Downloaded: vid.mp4 at videos/


In [4]:
from transformers import Qwen2VLForConditionalGeneration, AutoProcessor
from qwen_vl_utils import process_vision_info

model_name = "Qwen/Qwen2-VL-2B-Instruct"

# Load model and processor
model = Qwen2VLForConditionalGeneration.from_pretrained(
    model_name,
    torch_dtype="auto",
    device_map="auto")

processor = AutoProcessor.from_pretrained(model_name)

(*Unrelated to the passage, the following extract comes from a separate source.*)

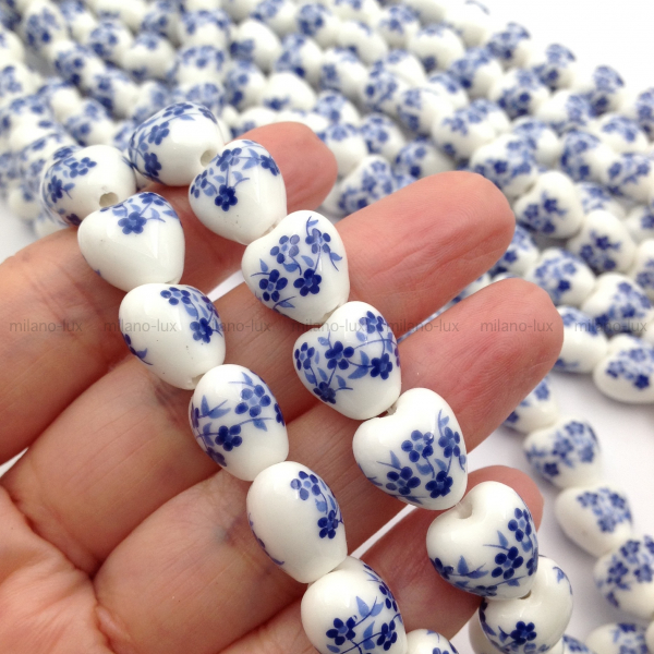 Керамические бусины в форме сердце, размер примерно 12мм, отверстие 2-3мм

`Qwen2VLRotaryEmbedding` can now be fully parameterized by passing the model config through the `config` argument. All other arguments will be removed in v4.46


Loading checkpoint shards:   0%|          | 0/2 [00:00<?, ?it/s]

In [5]:
questions = [
    "Explain the technique to kick the ball?",
    "What is the best defensive move shown in the video?",
    "Describe the player's strategy for winning the match?"
]

messages = {
    "role": "user",
    "content": [
        {
            "type": "video",
            "video": "/content/videos/vid.mp4",
            "max_pixels": 360 * 420,
            "fps": 1.0,
        }
    ]
}

q_and_a_list = []

for question in questions:
    message_with_question = messages.copy()
    message_with_question["content"].append({
        "type": "text",
        "text": question
    })

    # Prepare input for the model
    text = processor.apply_chat_template([message_with_question], tokenize=False, add_generation_prompt=True)
    image_inputs, video_inputs = process_vision_info([message_with_question])
    inputs = processor(text=[text], videos=video_inputs, return_tensors="pt", padding=True).to("cuda")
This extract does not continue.